British film director Norman Stone is a double Emmy and double BAFTA award-winning filmmaker with more than 40 years of filmmaking to his name. He is also a devout Christian and a devotee of C.S. Lewis. In fact, Stone has made a number of films about the writer and Christian apologist, most notably the award-winning Shadowlands (1985). Stone is just about to start filming another C.S. Lewis-inspired film project.

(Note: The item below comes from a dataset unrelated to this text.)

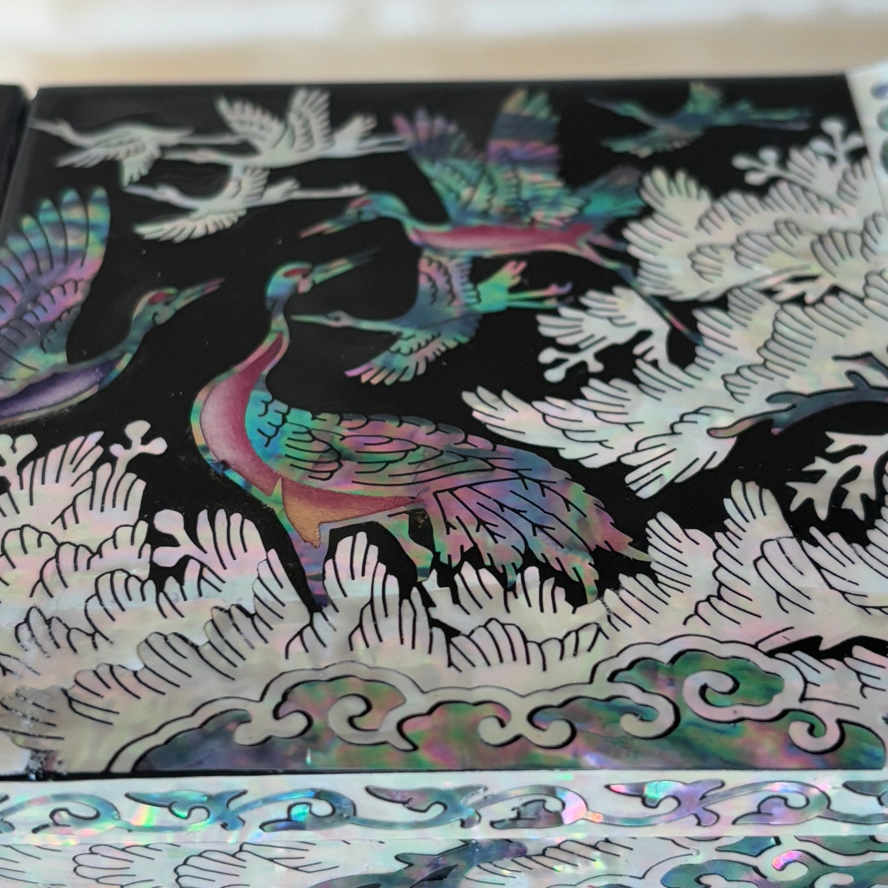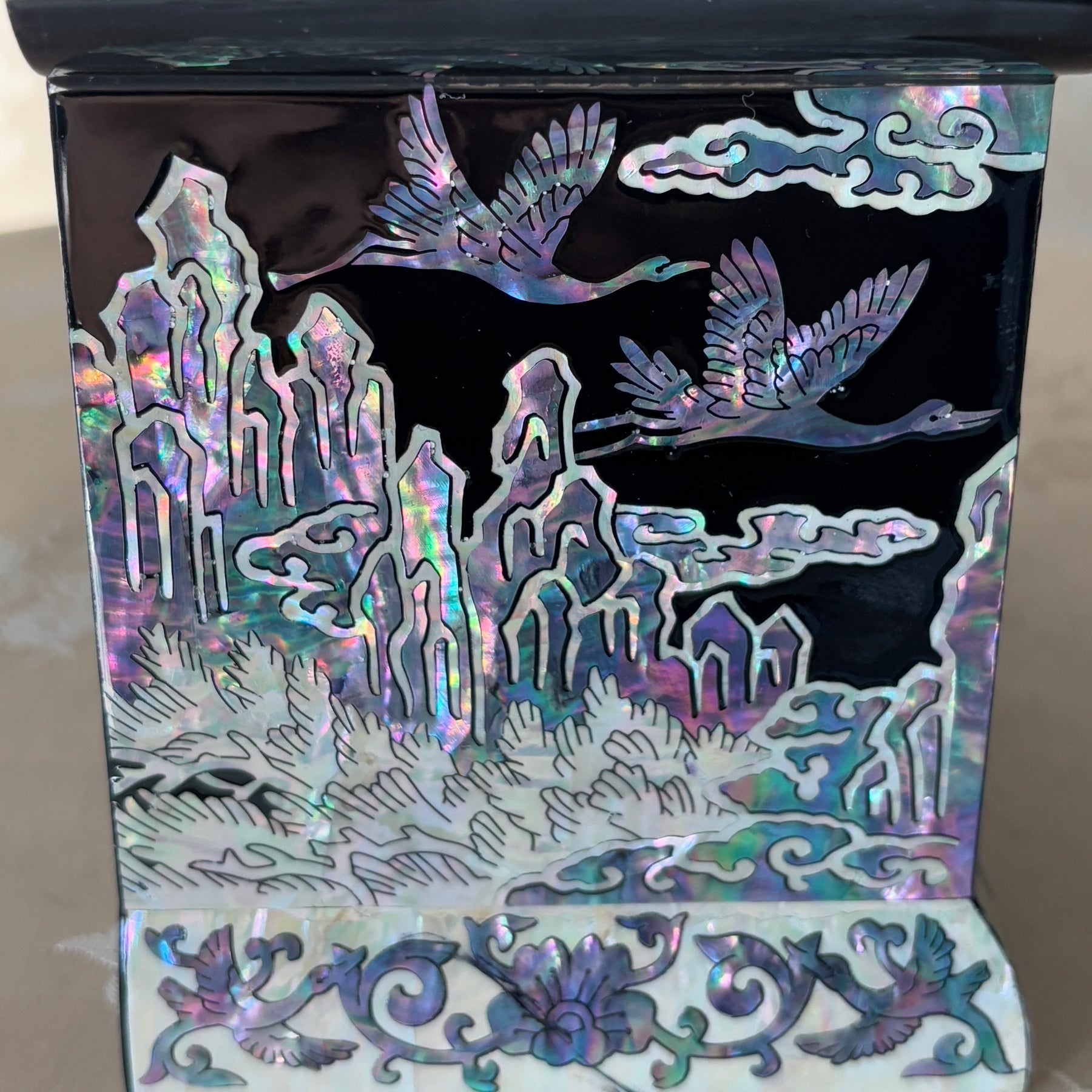 Mother of Pearl Jewelry Chest Pair: Black Body with Pine and Crane Motif in Scholar’s Desk Form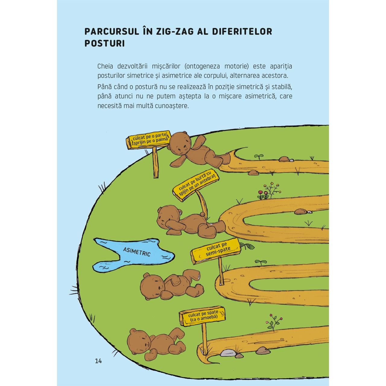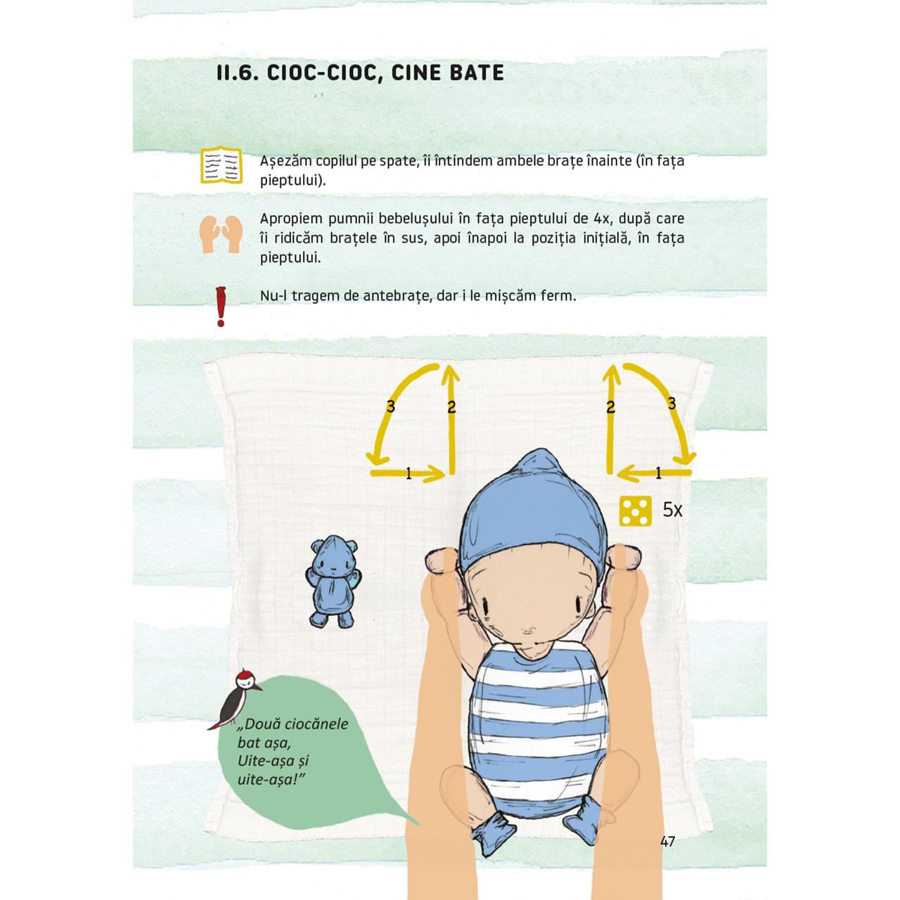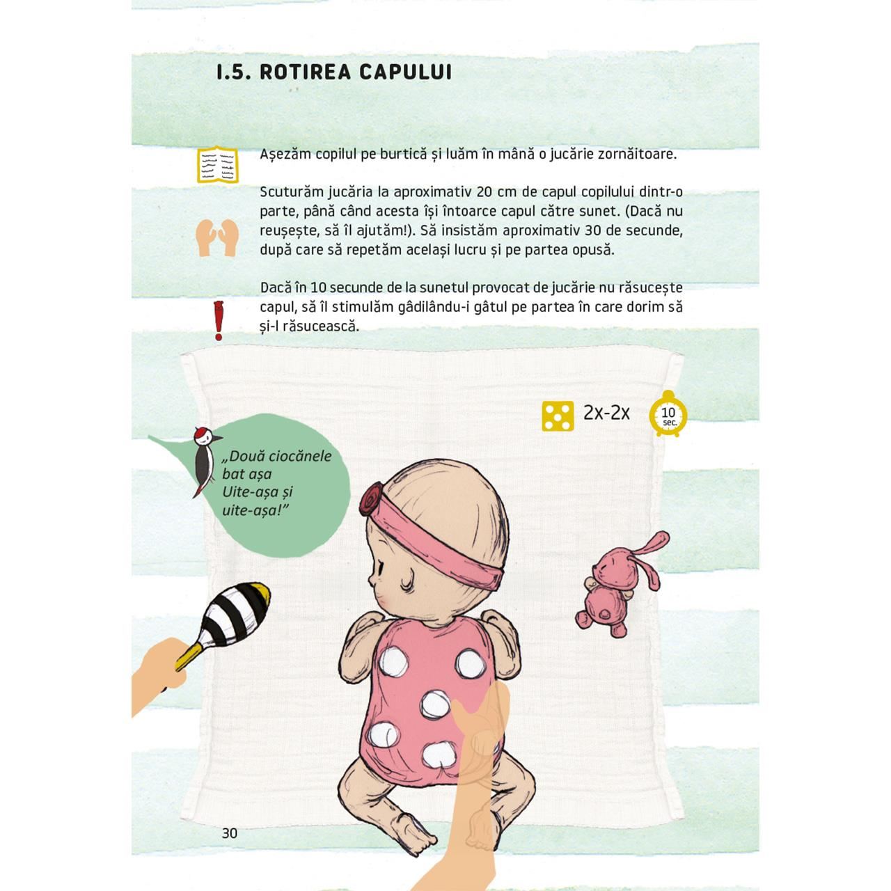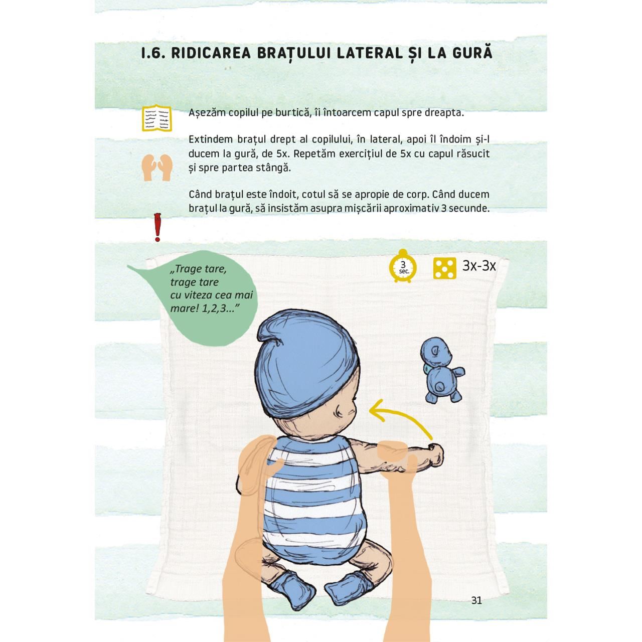 În această carte, am adunat 60 de exerciții de dezvoltare a motricității bebelușilor până la 9 luni, selectate din repertoriul fizioterapeuților cu care am lucrat; ele pot fi executate și acasă, fără echipament special de gimnastică, pentru a consolida calitatea mișcărilor de ridicare a capului, de sprijin pe antebrațe, de rostogolire și de târâre.

While on a recent visit to London, Stone spoke to the Register about how C.S. Lewis has influenced not just his personal faith but also professional work. Sitting with Stone in the lounge of a busy central London hotel, the obvious question is: When did he first become aware of Lewis and his writings? “It was when I left the BBC to go freelance in 1980,” he replied. “I’d been working there as a producer/director since I left film school in 1975, and after almost five years of wonderful ‘experience-gathering’ filmmaking, I wrote, directed and produced my first official BBC drama. The subject was a Cornish, blind and deaf, Calvinistic poet called Jack Clemo. After this came out to great acclaim, I immediately left the BBC and went freelance on the sharp lookout for other stories to tell, and it was then I noticed, I mean really noticed, C.S. Lewis.”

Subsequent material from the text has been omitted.